> Input for this task
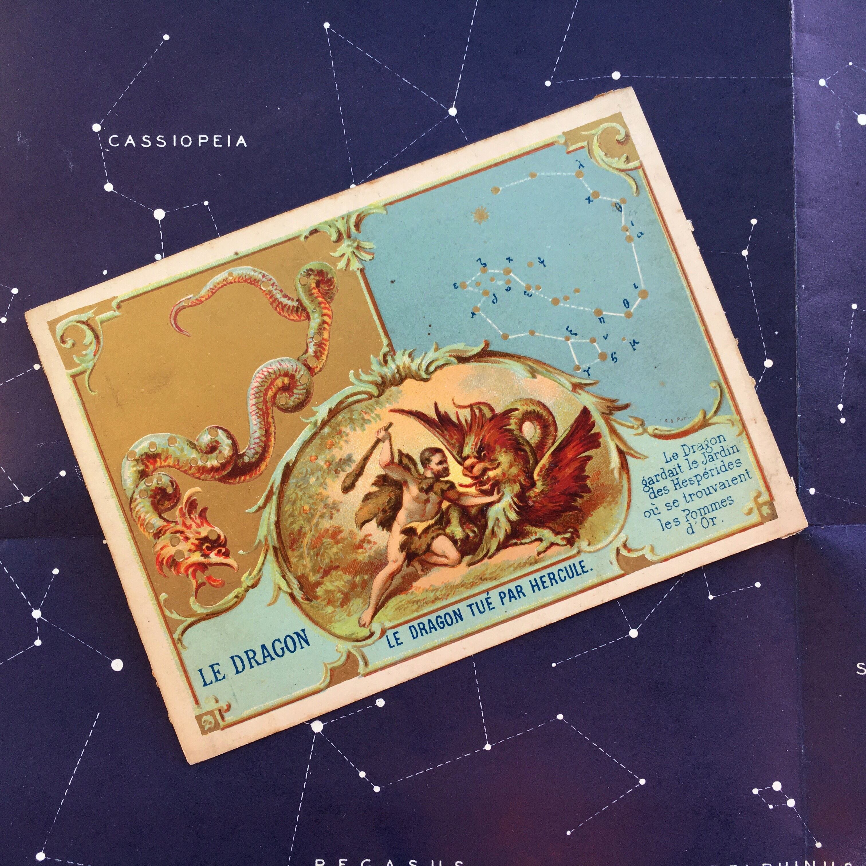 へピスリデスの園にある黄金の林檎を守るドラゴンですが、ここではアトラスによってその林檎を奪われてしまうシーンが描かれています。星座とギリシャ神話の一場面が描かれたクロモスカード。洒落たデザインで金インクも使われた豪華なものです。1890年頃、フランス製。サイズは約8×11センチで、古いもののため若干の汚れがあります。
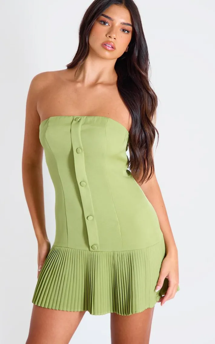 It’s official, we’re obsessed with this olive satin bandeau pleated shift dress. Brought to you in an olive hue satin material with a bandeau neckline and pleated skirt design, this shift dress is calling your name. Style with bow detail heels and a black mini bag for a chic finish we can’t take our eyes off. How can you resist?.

* * *

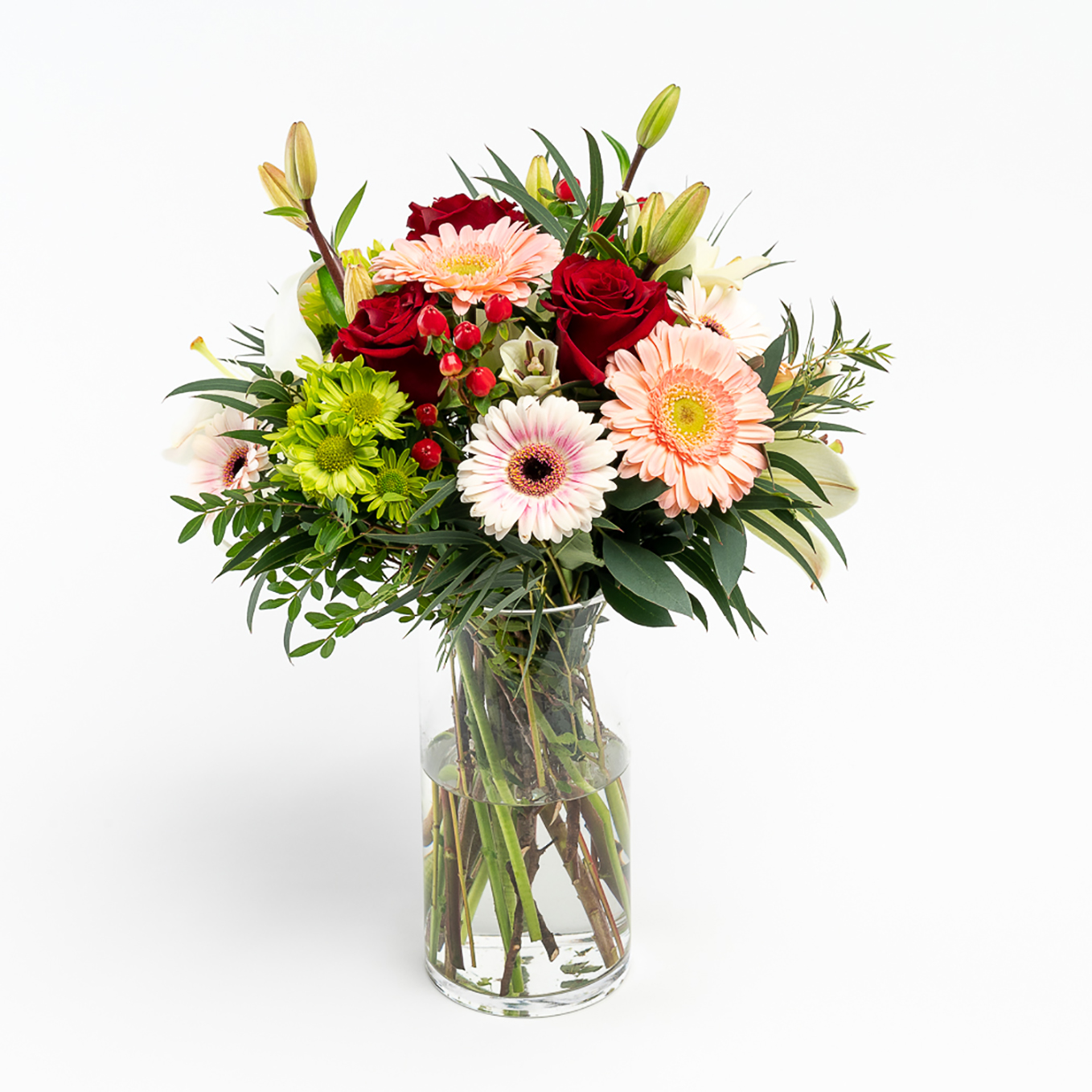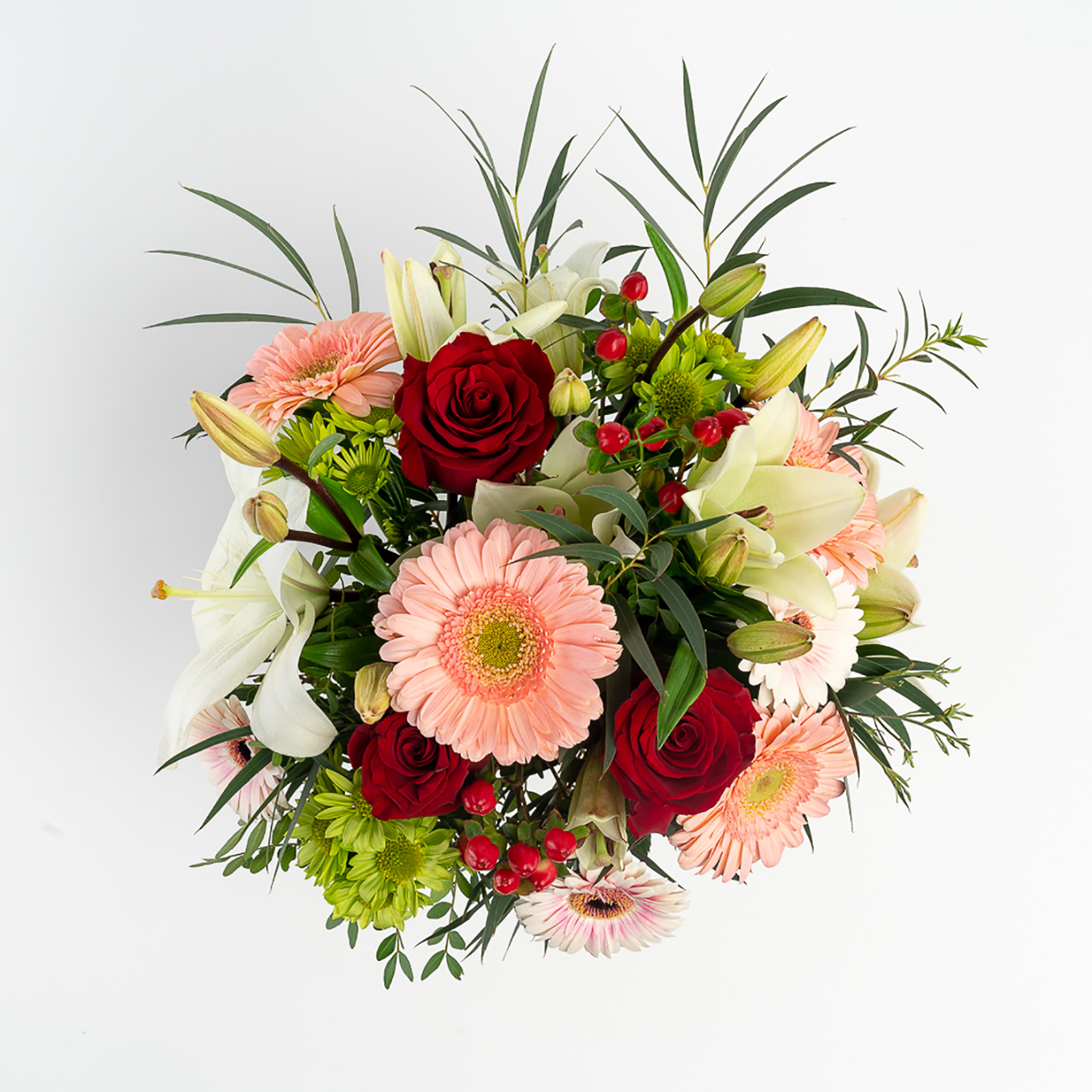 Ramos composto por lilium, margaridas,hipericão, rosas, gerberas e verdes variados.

...

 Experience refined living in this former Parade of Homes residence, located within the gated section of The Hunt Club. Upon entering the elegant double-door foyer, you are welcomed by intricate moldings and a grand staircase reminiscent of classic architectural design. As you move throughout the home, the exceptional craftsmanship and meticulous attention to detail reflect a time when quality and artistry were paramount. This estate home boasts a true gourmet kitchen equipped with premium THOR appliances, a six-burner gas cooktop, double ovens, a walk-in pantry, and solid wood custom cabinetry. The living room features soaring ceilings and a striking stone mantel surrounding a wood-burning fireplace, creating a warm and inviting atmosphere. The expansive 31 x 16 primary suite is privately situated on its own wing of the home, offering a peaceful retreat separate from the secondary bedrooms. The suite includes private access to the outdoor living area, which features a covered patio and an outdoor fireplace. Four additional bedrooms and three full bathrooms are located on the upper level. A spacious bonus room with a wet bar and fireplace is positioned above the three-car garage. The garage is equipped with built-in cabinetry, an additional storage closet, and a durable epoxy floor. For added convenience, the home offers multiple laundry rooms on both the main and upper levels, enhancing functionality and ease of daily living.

> Problem
Repeat exactly the lines above, from the line that contains "へピスリデスの園にある黄金の" down through the line that contains "It’s official, we’re". Include both of those lines and none of the pictures.

> Response below
 へピスリデスの園にある黄金の林檎を守るドラゴンですが、ここではアトラスによってその林檎を奪われてしまうシーンが描かれています。星座とギリシャ神話の一場面が描かれたクロモスカード。洒落たデザインで金インクも使われた豪華なものです。1890年頃、フランス製。サイズは約8×11センチで、古いもののため若干の汚れがあります。
 It’s official, we’re obsessed with this olive satin bandeau pleated shift dress. Brought to you in an olive hue satin material with a bandeau neckline and pleated skirt design, this shift dress is calling your name. Style with bow detail heels and a black mini bag for a chic finish we can’t take our eyes off. How can you resist?.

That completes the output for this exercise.